Apparently, Tizzy thought so, too. "You saw that! She swung first!"

Mailyn rolled to a sit, quietly crying to herself. Aldo helped her to her feet, and as I pushed myself back up, I could see there was a smear of blood on the floor - she'd scraped her elbow enough that it was trickling blood… but probably not badly enough that she could miss class. And, if we went to Solomon and told him what happened? Tizzy could claim I'd tripped on her accidentally, and Mailyn had thrown the first (and only) punch of the fight. We might well get a harsher punishment than Tizzy did.

"Guess they don't teach fighting in princess school," Oltzen snorted. He nudged Tizzie's shoulder in approval and the Tetrad of Terror ambled off to their classes.

"Hey, don't worry about them," Nate said. He tried to help comfort Mailyn, but she was still inconsolable, weeping into Aldo's shoulder. "They'll eventually get bored and pick on somebody else."

I doubt he got through to Mailyn, and he certainly didn't get through to me. I got to my feet, little fists clenched and staring daggers into the four oblivious bullies as they departed. And, as I imagined the vengeance I would extract on those four, I remembered the advice on bullies I'd once overheard father counseling to my older brother Chansone:

"They're just jealous of you."

And, in that moment, I decided that it was true. Speaking fluent Gionian and having proper manners wasn't a weakness.

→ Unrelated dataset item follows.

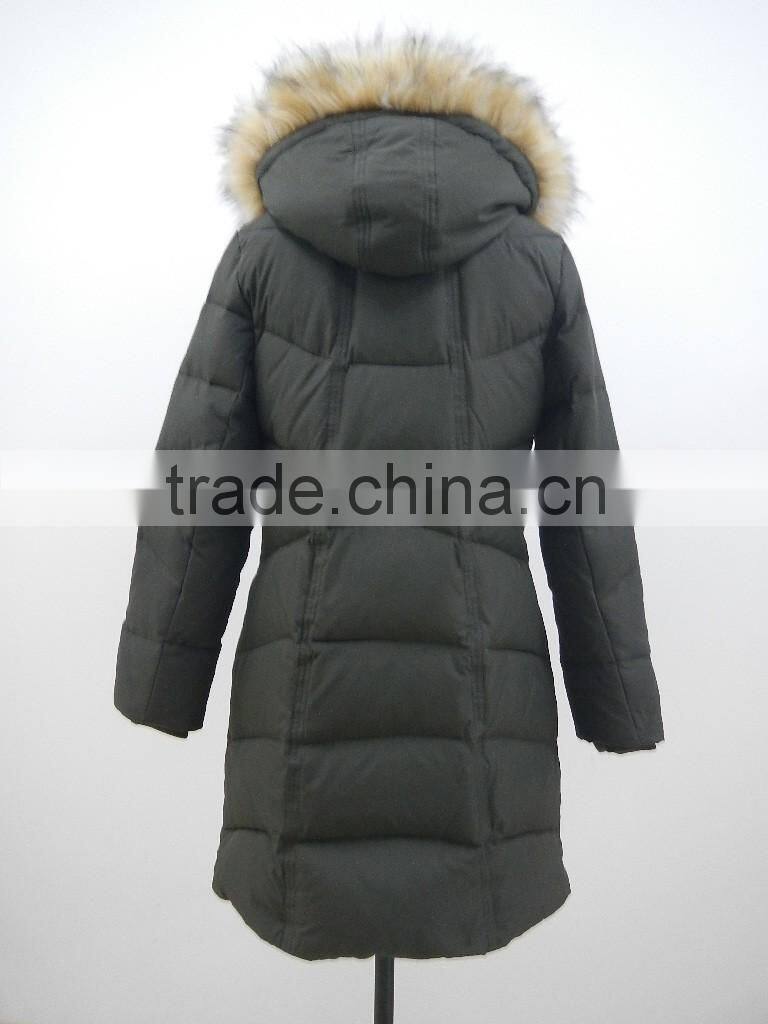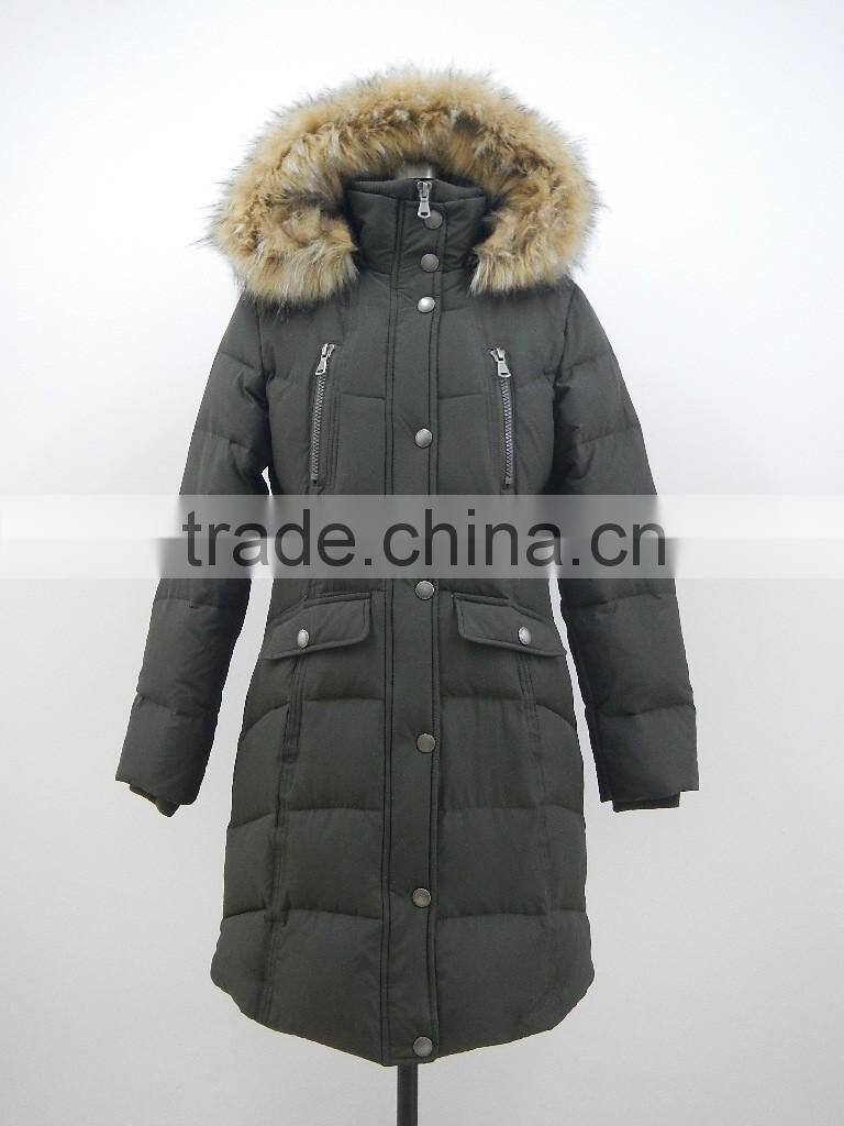 Knee Length Rib Collar Down Feather Womens Parka With Fur Hood

Knowing how to arrange high tea or properly walk and dress wasn't a weakness. Those four were jealous because Mailyn and I had advanced in our classes and, even if those four were still ahead of us in most of theirs, they were worried it might not stay that way. They were worried that we were better than them. And you know what? You're damn right - we were better than them. And I was dead-set on making sure they knew it.